INPUT RECORDS »
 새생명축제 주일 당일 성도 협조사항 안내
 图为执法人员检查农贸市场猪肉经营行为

--

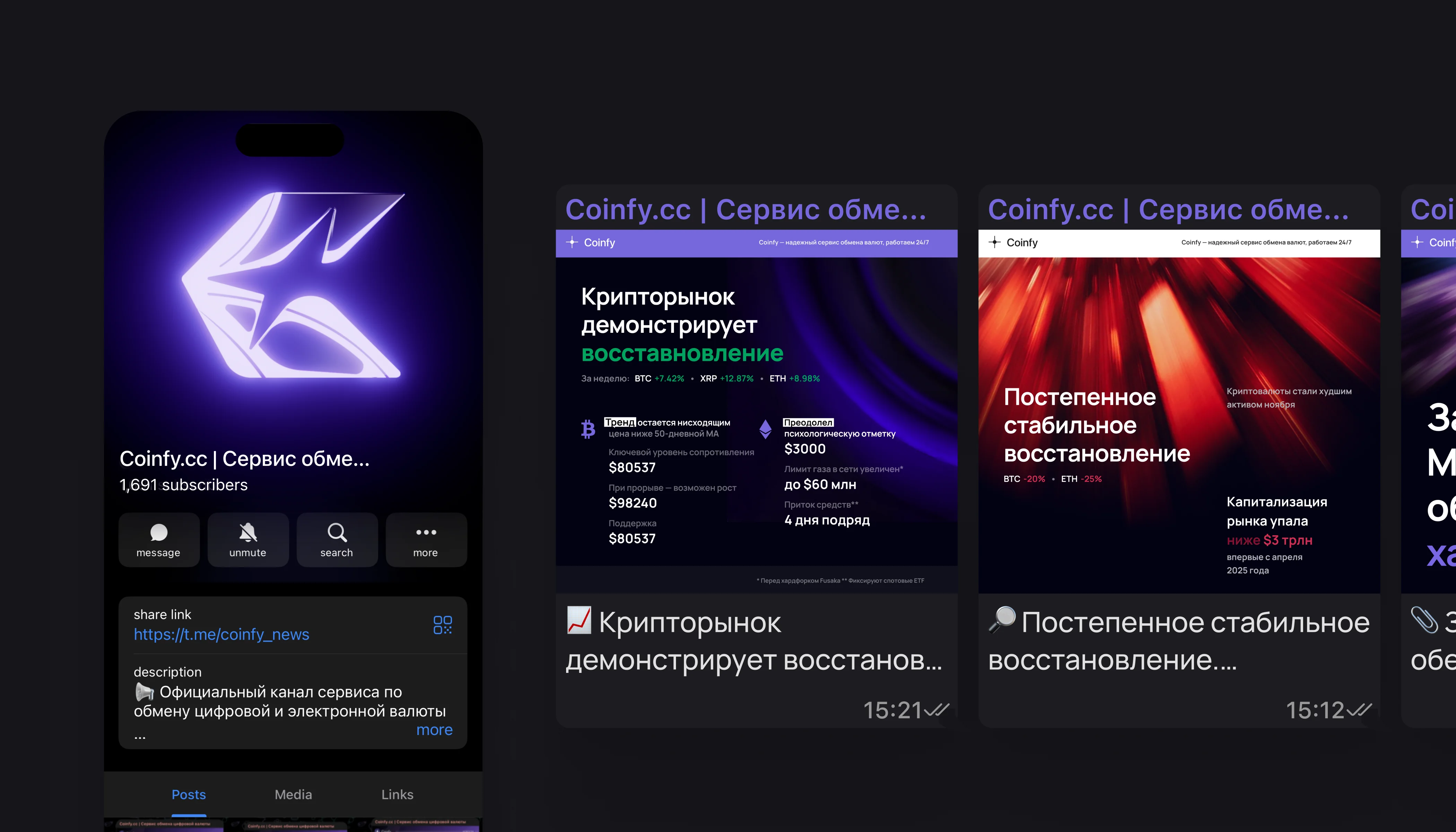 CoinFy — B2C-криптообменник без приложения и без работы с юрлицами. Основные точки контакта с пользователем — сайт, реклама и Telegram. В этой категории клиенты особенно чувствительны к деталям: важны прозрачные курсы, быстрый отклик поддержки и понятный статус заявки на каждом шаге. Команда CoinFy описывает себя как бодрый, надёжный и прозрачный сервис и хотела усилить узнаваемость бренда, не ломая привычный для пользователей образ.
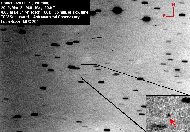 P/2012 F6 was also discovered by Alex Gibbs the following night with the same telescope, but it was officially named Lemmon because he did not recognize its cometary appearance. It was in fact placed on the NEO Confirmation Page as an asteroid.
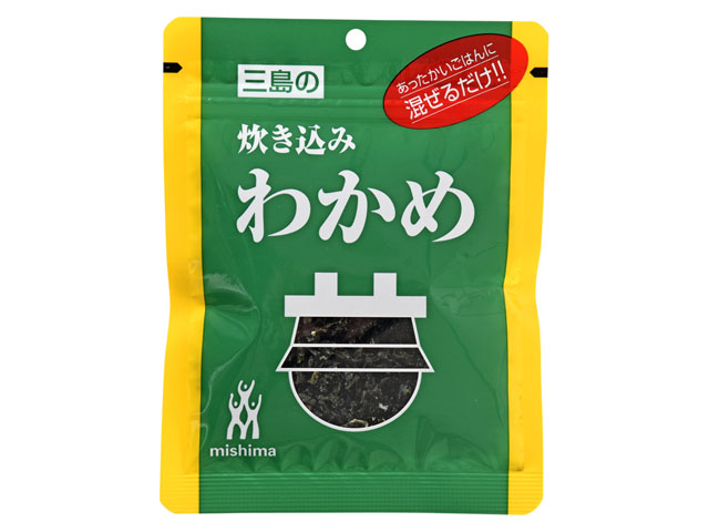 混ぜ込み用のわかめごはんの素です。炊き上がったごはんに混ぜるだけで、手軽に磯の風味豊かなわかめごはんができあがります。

TASK DESCRIPTION »
In the material above, which lines fall between the one holding "CoinFy — B2C-криптообменник" and the one holding "混ぜ込み用のわかめごはんの素", inclusive? Print exactly those, with the pictures left out.

SOLUTION »
 CoinFy — B2C-криптообменник без приложения и без работы с юрлицами. Основные точки контакта с пользователем — сайт, реклама и Telegram. В этой категории клиенты особенно чувствительны к деталям: важны прозрачные курсы, быстрый отклик поддержки и понятный статус заявки на каждом шаге. Команда CoinFy описывает себя как бодрый, надёжный и прозрачный сервис и хотела усилить узнаваемость бренда, не ломая привычный для пользователей образ.
 P/2012 F6 was also discovered by Alex Gibbs the following night with the same telescope, but it was officially named Lemmon because he did not recognize its cometary appearance. It was in fact placed on the NEO Confirmation Page as an asteroid.
 混ぜ込み用のわかめごはんの素です。炊き上がったごはんに混ぜるだけで、手軽に磯の風味豊かなわかめごはんができあがります。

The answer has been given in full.